== EXERCISE ==
Your reply should be an exact copy of every entry, with the pictures removed.

== GIVEN DATA ==
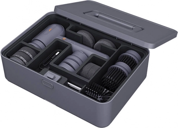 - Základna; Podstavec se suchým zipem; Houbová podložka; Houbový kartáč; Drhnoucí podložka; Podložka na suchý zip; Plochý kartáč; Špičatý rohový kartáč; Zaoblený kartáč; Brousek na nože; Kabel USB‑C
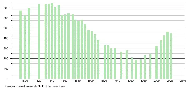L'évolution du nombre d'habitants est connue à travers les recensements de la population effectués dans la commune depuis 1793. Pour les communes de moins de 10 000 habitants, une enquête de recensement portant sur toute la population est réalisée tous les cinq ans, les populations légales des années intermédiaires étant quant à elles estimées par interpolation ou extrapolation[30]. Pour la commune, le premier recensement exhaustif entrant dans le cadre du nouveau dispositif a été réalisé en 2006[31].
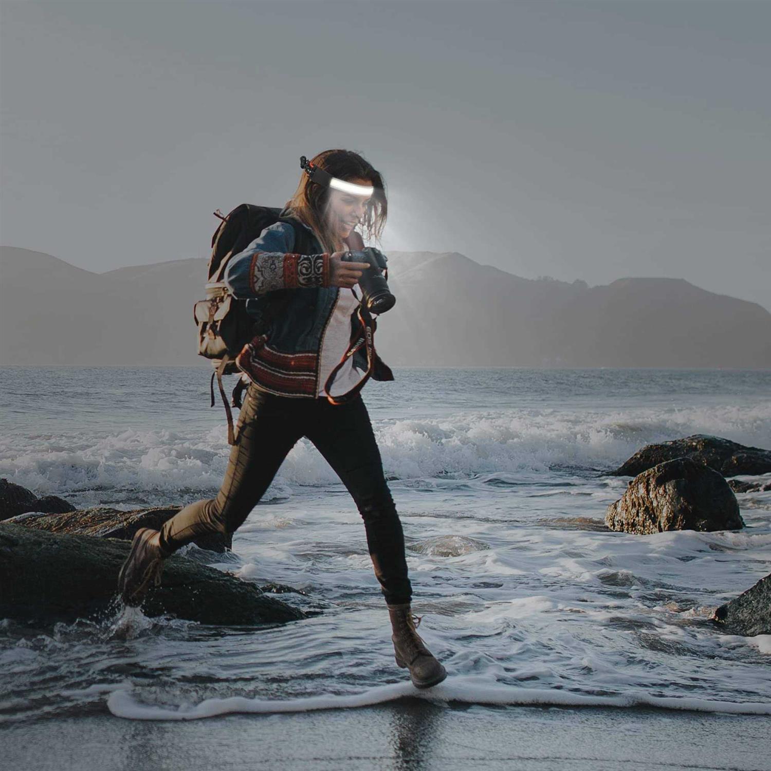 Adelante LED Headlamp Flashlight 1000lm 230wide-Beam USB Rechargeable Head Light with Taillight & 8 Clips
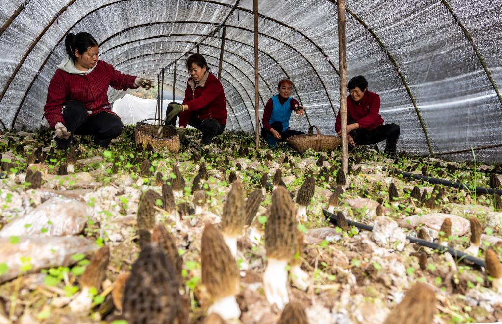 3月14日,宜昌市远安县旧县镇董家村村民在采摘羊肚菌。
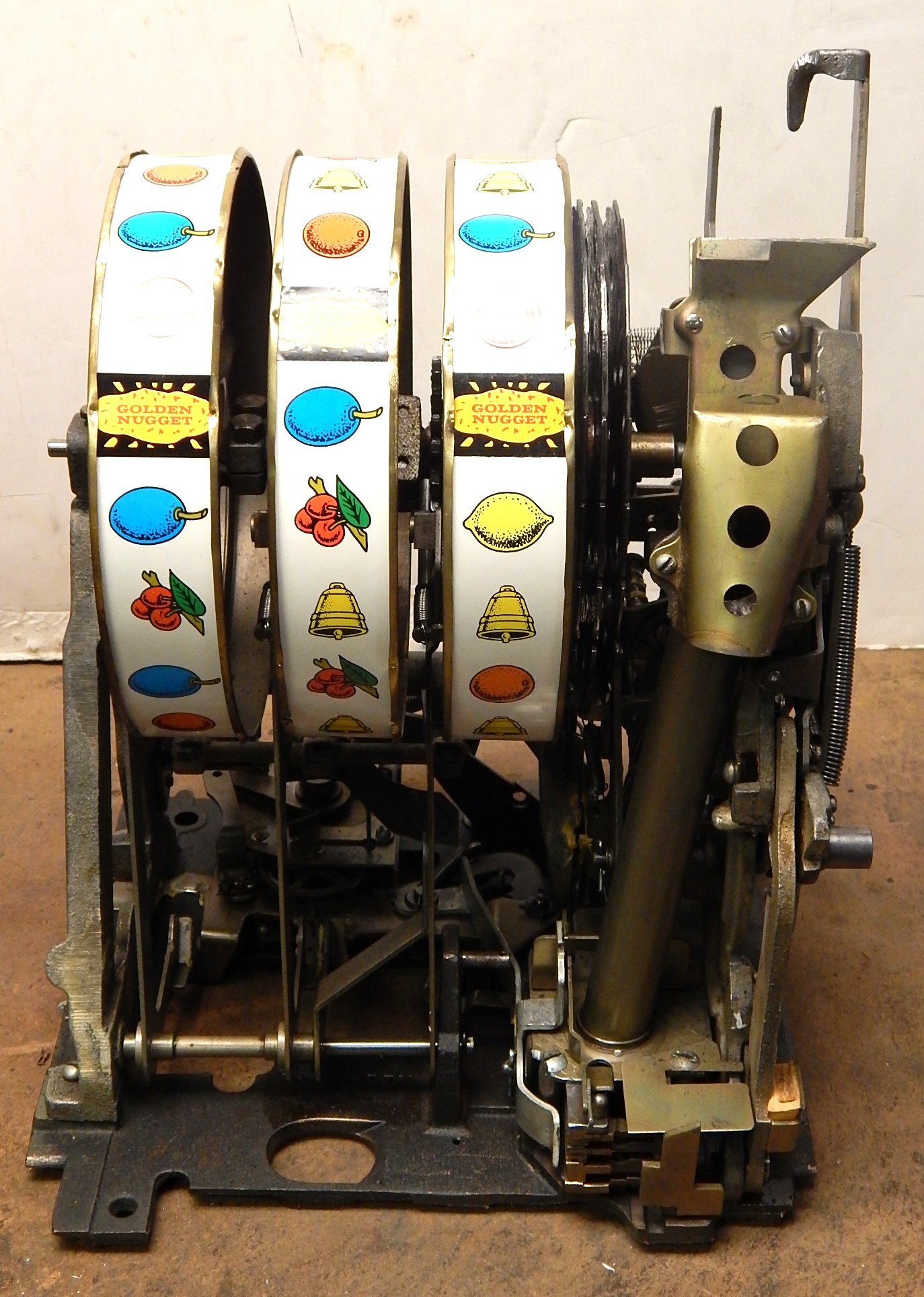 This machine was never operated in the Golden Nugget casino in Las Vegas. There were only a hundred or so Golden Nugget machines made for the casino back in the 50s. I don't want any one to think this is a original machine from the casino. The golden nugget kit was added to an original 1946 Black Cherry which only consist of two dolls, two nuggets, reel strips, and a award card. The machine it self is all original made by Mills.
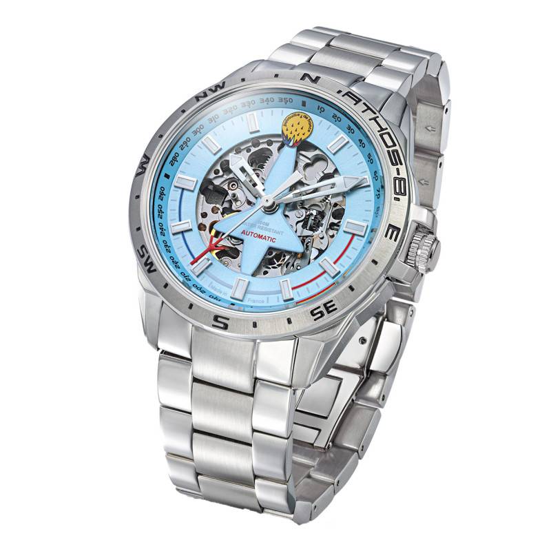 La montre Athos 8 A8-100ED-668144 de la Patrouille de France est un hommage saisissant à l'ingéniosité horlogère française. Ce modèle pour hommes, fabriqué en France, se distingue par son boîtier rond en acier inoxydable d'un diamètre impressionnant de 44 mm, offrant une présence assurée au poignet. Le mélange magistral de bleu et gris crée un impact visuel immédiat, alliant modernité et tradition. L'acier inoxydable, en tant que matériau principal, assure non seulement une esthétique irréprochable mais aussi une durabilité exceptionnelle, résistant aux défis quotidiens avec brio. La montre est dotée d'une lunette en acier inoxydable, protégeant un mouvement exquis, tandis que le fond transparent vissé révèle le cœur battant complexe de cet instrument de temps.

== ANSWER BOX ==
 - Základna; Podstavec se suchým zipem; Houbová podložka; Houbový kartáč; Drhnoucí podložka; Podložka na suchý zip; Plochý kartáč; Špičatý rohový kartáč; Zaoblený kartáč; Brousek na nože; Kabel USB‑C
L'évolution du nombre d'habitants est connue à travers les recensements de la population effectués dans la commune depuis 1793. Pour les communes de moins de 10 000 habitants, une enquête de recensement portant sur toute la population est réalisée tous les cinq ans, les populations légales des années intermédiaires étant quant à elles estimées par interpolation ou extrapolation[30]. Pour la commune, le premier recensement exhaustif entrant dans le cadre du nouveau dispositif a été réalisé en 2006[31].
 Adelante LED Headlamp Flashlight 1000lm 230wide-Beam USB Rechargeable Head Light with Taillight & 8 Clips
 3月14日,宜昌市远安县旧县镇董家村村民在采摘羊肚菌。
 This machine was never operated in the Golden Nugget casino in Las Vegas. There were only a hundred or so Golden Nugget machines made for the casino back in the 50s. I don't want any one to think this is a original machine from the casino. The golden nugget kit was added to an original 1946 Black Cherry which only consist of two dolls, two nuggets, reel strips, and a award card. The machine it self is all original made by Mills.
 La montre Athos 8 A8-100ED-668144 de la Patrouille de France est un hommage saisissant à l'ingéniosité horlogère française. Ce modèle pour hommes, fabriqué en France, se distingue par son boîtier rond en acier inoxydable d'un diamètre impressionnant de 44 mm, offrant une présence assurée au poignet. Le mélange magistral de bleu et gris crée un impact visuel immédiat, alliant modernité et tradition. L'acier inoxydable, en tant que matériau principal, assure non seulement une esthétique irréprochable mais aussi une durabilité exceptionnelle, résistant aux défis quotidiens avec brio. La montre est dotée d'une lunette en acier inoxydable, protégeant un mouvement exquis, tandis que le fond transparent vissé révèle le cœur battant complexe de cet instrument de temps.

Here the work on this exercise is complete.